So I decided to try to learn how to really live well. Yes, I’ve lost my daughter. And I will always grieve the loss of her. But I have another daughter, and a son, and grandkids, and friends…I have good health…a wonderful guy…and the good sense to feel humbly grateful for all these blessings.

When I keep my attention on all that, my inner spirit glows with contentment.

Pass it on.

I’m Glad I Stayed

“’I came for a quick fix and found a way of life.’ ~Bertie P., Florida

As I look back, when I walked through the doors of Al-Anon, I had planned to stay long enough to find out how to get the miracle of sobriety in my home. I’m still there!

I was broken spiritually, emotionally, and physically. I had given up on everything and everyone. A friend dragged me to Al-Anon, but I was sure it was hopeless.

After my first meeting, I was still very angry. How could all those people be happy and smiling? Their homes could not be as bad as mine. Fortunately, I wanted to laugh and smile too. A member, who later became my sponsor, took an interest in me as a newcomer, and I kept coming back.

The slogans and all the tools annoyed me, and I didn’t share. Did I ever have a closed mind! But…I kept going…

I started taking care of myself and gave the alcoholic a choice to get help or go his own way. Five years later, the real miracle was finding me…I learned how to change my life and really live.”

Wishing/hoping/praying that my daughter will tire of her life and seek recovery is holding myself hostage to something I have no control over. And I don’t want to be a hostage. I want to be free. My recovery program has given me the tools to live my life unencumbered by other people’s choices.
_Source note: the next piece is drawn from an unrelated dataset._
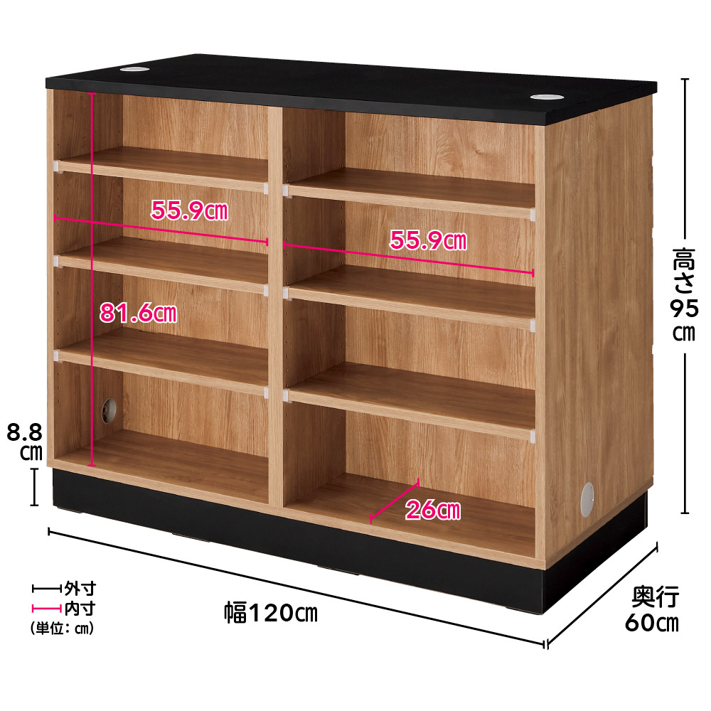 【オープン側】(ウ)オーク/ブラック 天板と側面下部のそれぞれ左右にコード穴があり、調理家電の配線にも便利です。 (単位:cm) ※写真は据え置きタイプ幅120cm高さ95cmです。

“God, grant me the serenity to accept the things I cannot change, the courage to change the things I can, and the wisdom to know the difference.”

Loosen Your Grip!

From Survival To Recovery, page 268:

“Living fully requires enough trust to release our manipulative, tight-fisted control of life, for only then can we accept the guidance of a Power greater than ourselves. For adult children of alcoholics, our damaged, devastated trust has to be healed and nurtured bit by bit until we feel safe enough to truly let go and let God. Trust does not come from reading a book, however inspired, but from experiencing new relationships in which we are trusted and we can learn to trust those around us…If we willingly surrender ourselves to the spiritual discipline of the Twelve Steps, our lives will be transformed…Though we may never be perfect, continued spiritual progress will reveal to us our enormous potential…We will laugh more. Fear will be replaced by faith, and gratitude will come naturally as we realize that our Higher Power is doing for us what we cannot do for ourselves…”

“We will laugh more.”  How can I, beset by depression and instability for many of my years, come to revisit my life now from another perspective? How have I learned how to laugh and see the comedy in things? What has enabled me at last to live well and be happy?

Being in the rooms.

But I hasten to add that we can learn the same tools elsewhere: the tools of letting go and accepting what we can’t change; the tool of gratitude; the tool of detachment and understanding our personal boundaries in relation to our substance user. There are many places where we can pick up these life skills: from our family, friends, church, from our own life experiences…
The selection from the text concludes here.